Colà si unì ad una rappresentanza del Corpo Municipale con a capo il Sìg. Pasquale Garetti, sindaco ff, al corpo insegnante e buona mano di signori.
Si sfilò in quest’ordine.
Banda Municipale — Corpo Municipale — Corpo insegnante — Banda Popolare — Comitato organizzatore della dimostrazione — Società Operaia – Folla di Popolo. Cosi, coll'alternare della Marcia Reale fra le due Bande, spesso coverta dai frenetici evviva al nuovo Consigliere di Stato, si ritornò per le stesse vie, ma poi passando per via Garopoli, in Piazza del Popolo, ove maggior quantità di cittadini unissi ai dimostranti.

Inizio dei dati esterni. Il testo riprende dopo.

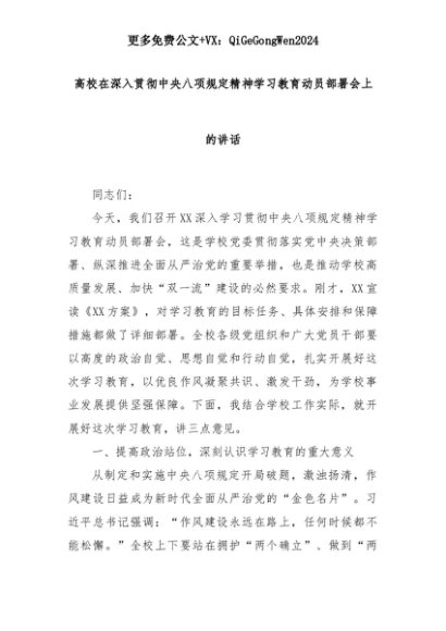【七哥公文】2025年:高校在深入贯彻中央八项规定精神学习教育动员部署会上的讲话+更多免费公文+VX:QiGeGongWen2024+更多免费公文+VX:QiGeGongWen2024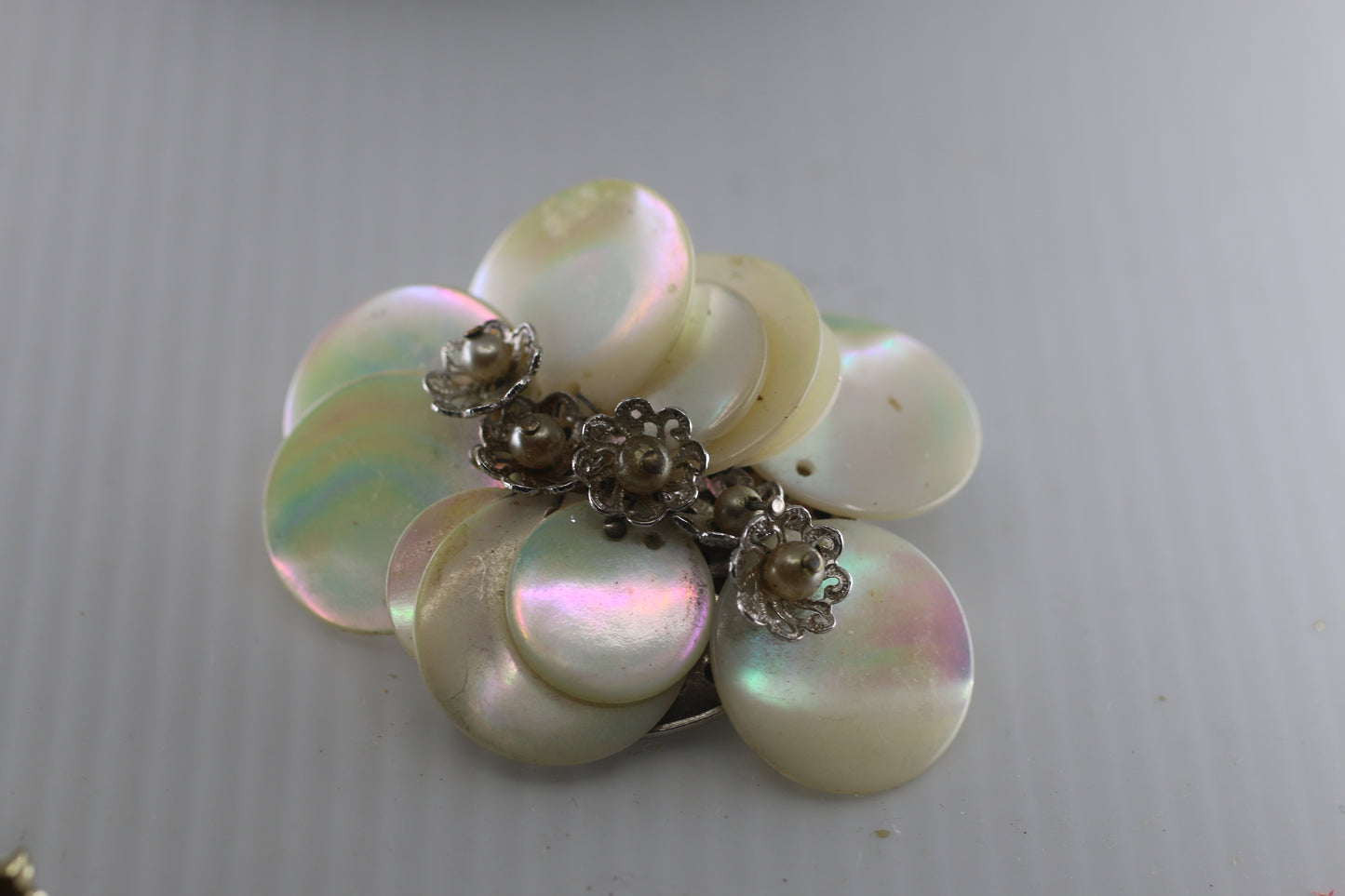 Mop Flower Crystal Faux Pearls Brooch/Pin Vintage Hand Made Jewelry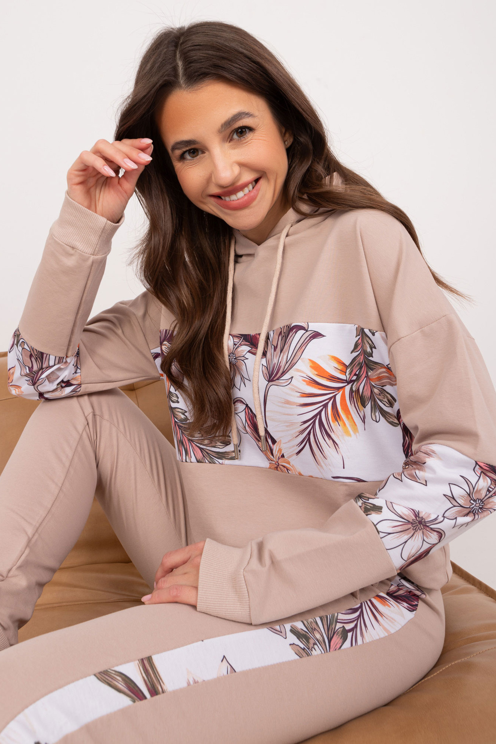 S/M dydžio rinkinio matmenys išmatuoti plokščiai: megztinio plotis po pažastimis - 58 cm, rankovės ilgis - 62 cm, megztinio ilgis - 61 cm, kelnių plotis ties juosmeniu - 38 cm, juosmens aukštis - 28 cm, kelnių ilgis - 99 cm.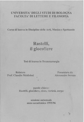 Un lavoro quindi su Rastelli, sulla giocoleria, ma anche sulla storiografia dello spettacolo, dove materie come il circo e il teatro di varietà, fino ad all’ora inesplorate, sono state esaminate in un’ottica di interdisciplinarietà, risultando per l’epoca le principali fonti di divertimento per gli spettatori di tutto il mondo occidentale.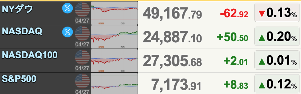 ダウ平均は上値が重く、早々に49,000ドルまで売られましたが、最終的には62ドル安の49,167ドルで取引を終えています。ナスダックは50ポイント高の24,887、S&P500は8ポイント高の7,173で、いずれも最高値を更新しました。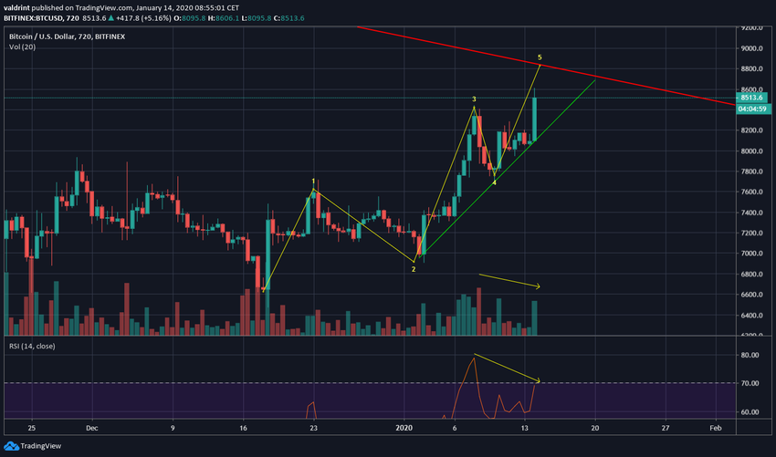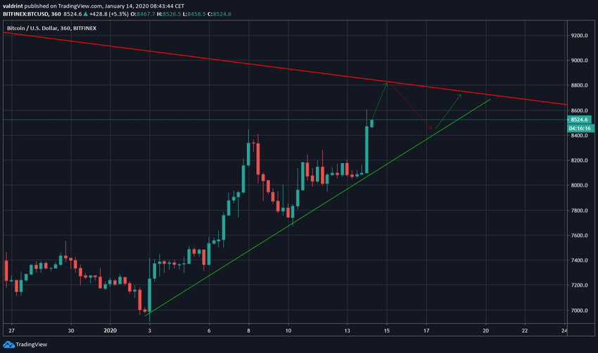 8 января курс BTC достиг максимума на $8,442, но с тех пор снижался, двигаясь вдоль линии нисходящего сопротивления. Вчера рынок совершил энергичный бычий прорыв этой отметки. Пробой сопротивления сопровождался существенными торговыми объемами, однако они все равно не дотягивают до показателей, сопровождавших предыдущую волну роста.

Si andò sotto le finestre dell'avventurata e degnissima madre dell'illustre Professore.
Or chi può ridire i fragorosi evviva scoppiati da mille e mille bocche all'arrivo colà? Basti il dire che le Bande suonavano e non se ne udiva una nota.
In questo mentre una commissione del Municipio e del Popolo sali in casa della fortunata genitrice a felicitarla.
Spettacolo commovente oltre ogni dire fu poi quando, la madre del Professore, asciugando le lagrime di contentezza che le bagnavano il volto venerabile, si affacciò alla finestra a ringraziare la folla.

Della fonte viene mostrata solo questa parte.